===== Listed entries =====

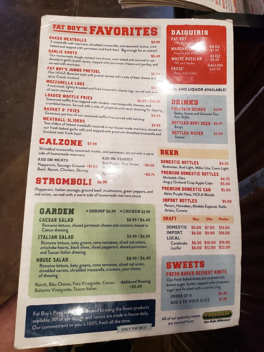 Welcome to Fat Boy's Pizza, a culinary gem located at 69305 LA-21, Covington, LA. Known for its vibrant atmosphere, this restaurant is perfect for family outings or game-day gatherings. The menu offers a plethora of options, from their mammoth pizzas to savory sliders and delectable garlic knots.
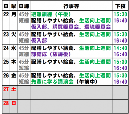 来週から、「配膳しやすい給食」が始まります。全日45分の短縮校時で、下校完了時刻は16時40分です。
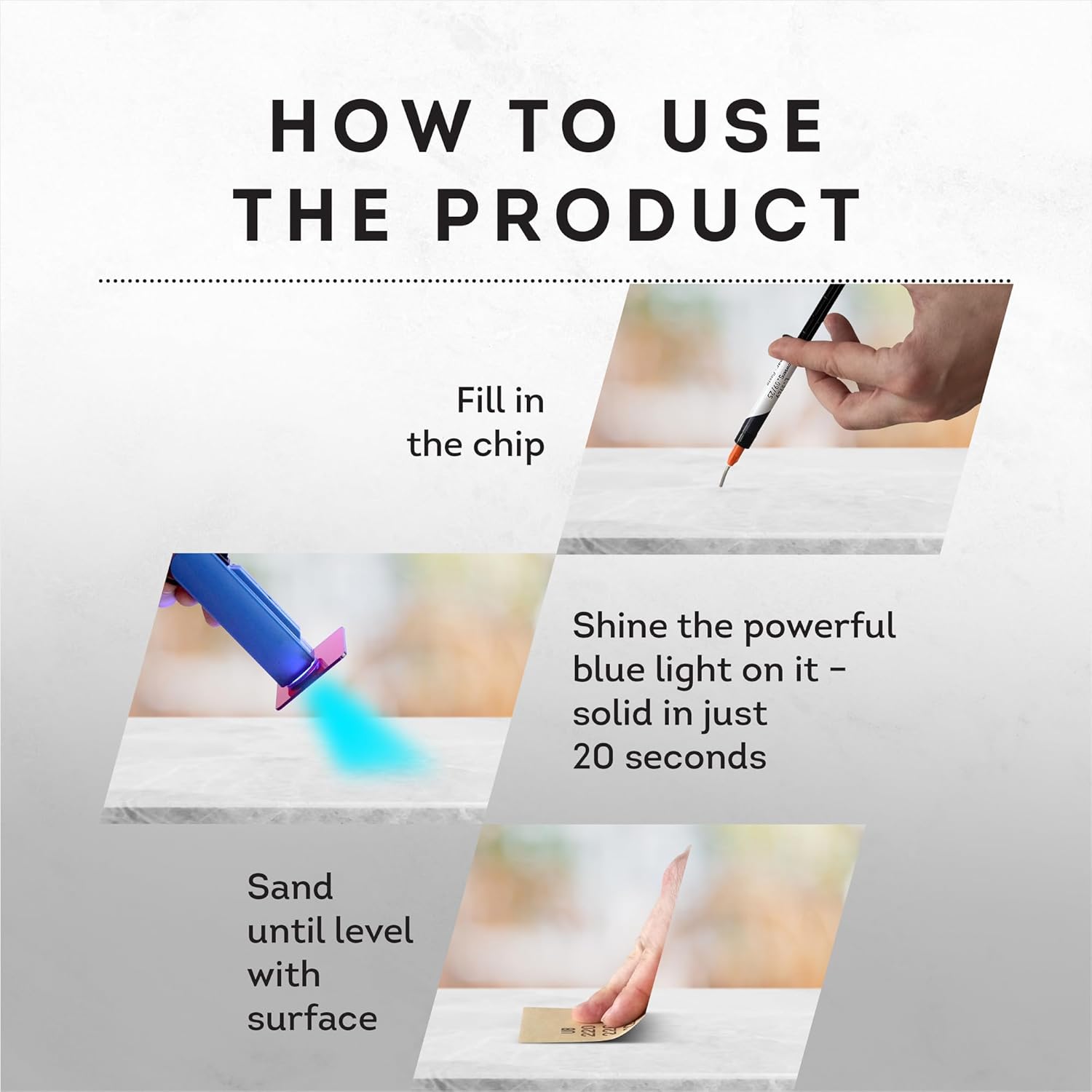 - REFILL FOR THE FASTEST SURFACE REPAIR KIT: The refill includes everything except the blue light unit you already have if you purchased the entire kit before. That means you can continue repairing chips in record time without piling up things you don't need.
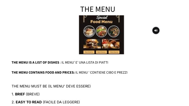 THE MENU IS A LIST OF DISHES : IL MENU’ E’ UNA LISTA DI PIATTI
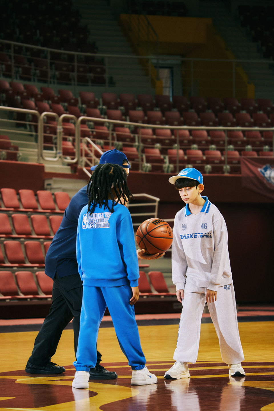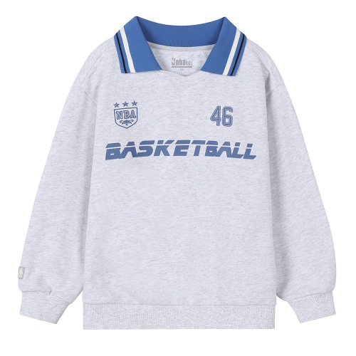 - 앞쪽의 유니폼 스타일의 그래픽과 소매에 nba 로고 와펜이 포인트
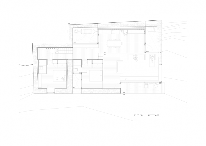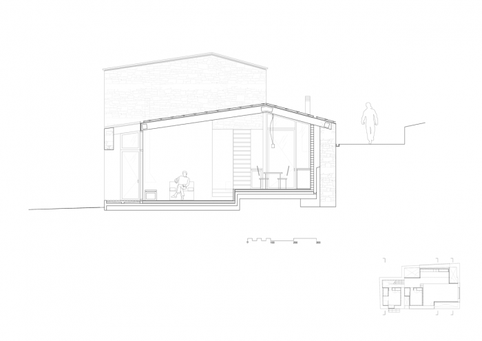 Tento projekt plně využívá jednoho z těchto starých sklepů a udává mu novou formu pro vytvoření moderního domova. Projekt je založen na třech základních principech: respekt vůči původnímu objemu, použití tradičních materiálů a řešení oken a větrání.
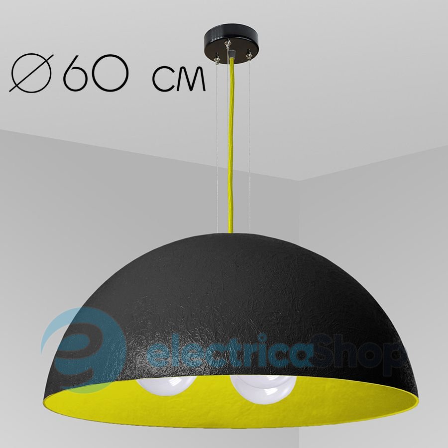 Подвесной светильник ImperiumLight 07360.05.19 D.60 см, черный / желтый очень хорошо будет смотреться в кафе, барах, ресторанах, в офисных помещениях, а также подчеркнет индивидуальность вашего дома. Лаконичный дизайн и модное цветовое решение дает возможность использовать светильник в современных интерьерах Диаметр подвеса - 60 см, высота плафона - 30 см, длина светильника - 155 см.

=====
===== Listed entries =====

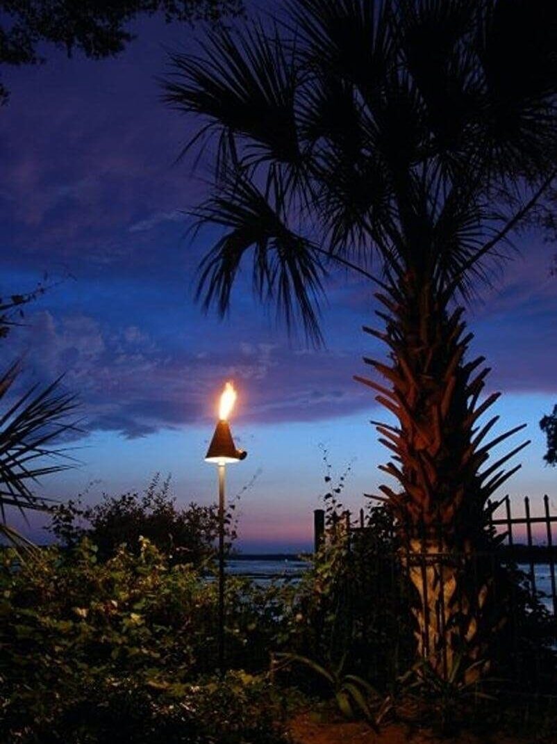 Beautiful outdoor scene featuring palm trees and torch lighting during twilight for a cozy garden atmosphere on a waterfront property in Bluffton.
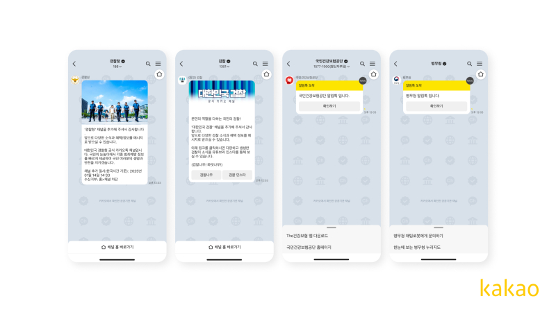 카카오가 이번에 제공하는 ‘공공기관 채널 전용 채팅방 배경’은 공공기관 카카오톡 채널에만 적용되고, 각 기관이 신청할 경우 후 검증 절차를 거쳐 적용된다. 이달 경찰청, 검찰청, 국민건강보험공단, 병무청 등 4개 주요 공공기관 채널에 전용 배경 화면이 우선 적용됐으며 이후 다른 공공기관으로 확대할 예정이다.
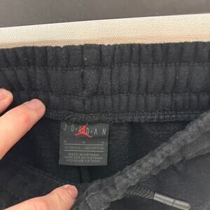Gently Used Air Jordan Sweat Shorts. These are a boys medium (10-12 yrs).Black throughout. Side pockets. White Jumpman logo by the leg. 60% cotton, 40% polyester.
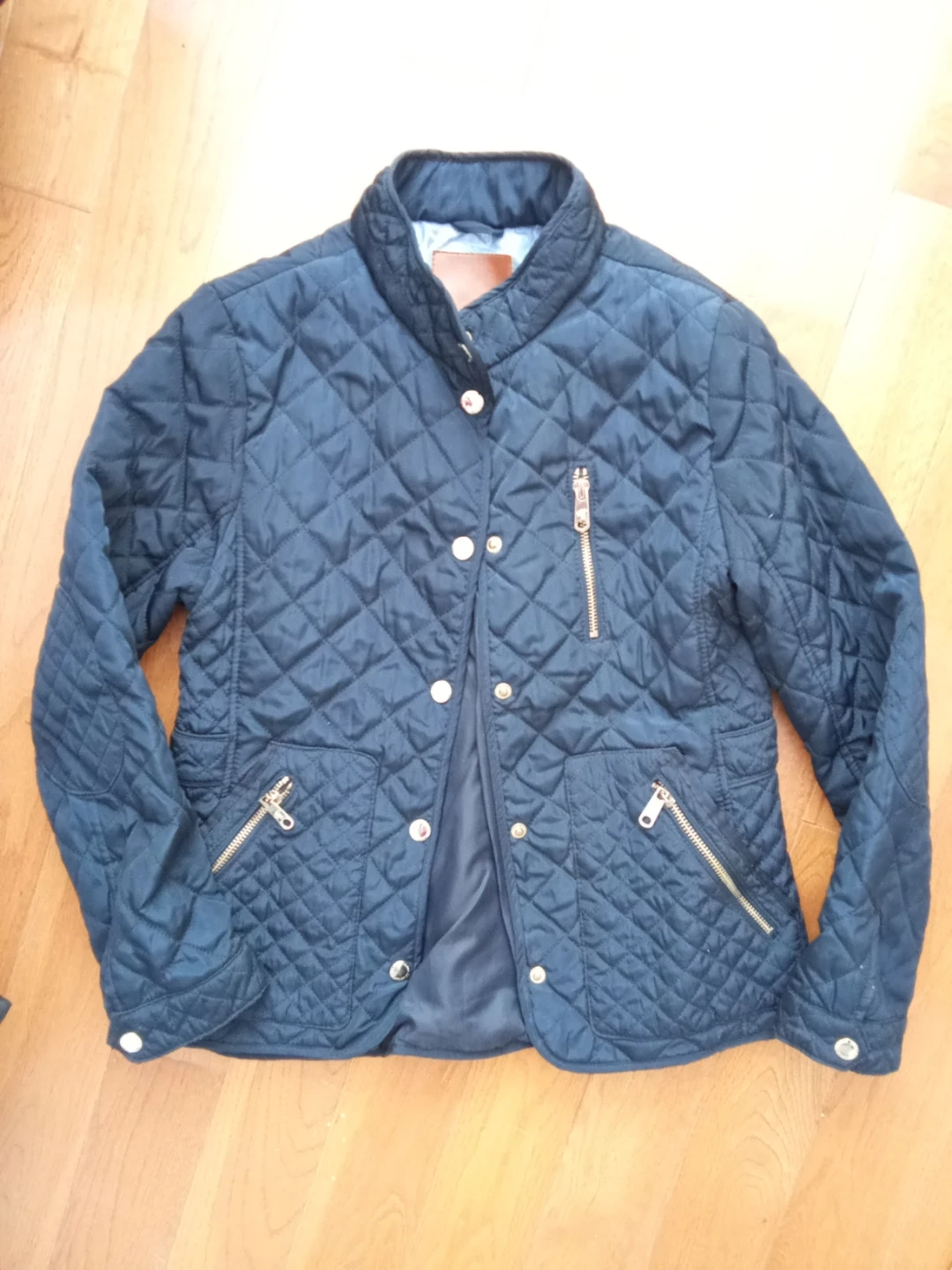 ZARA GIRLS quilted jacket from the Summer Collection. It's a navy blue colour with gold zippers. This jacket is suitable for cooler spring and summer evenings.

=====

### Your goal
Take the material above from the line bearing "Gently Used Air" through the line bearing "ZARA GIRLS quilted" and write it out exactly, both end lines included. Pictures stay out.

### Result below
Gently Used Air Jordan Sweat Shorts. These are a boys medium (10-12 yrs).Black throughout. Side pockets. White Jumpman logo by the leg. 60% cotton, 40% polyester.
 ZARA GIRLS quilted jacket from the Summer Collection. It's a navy blue colour with gold zippers. This jacket is suitable for cooler spring and summer evenings.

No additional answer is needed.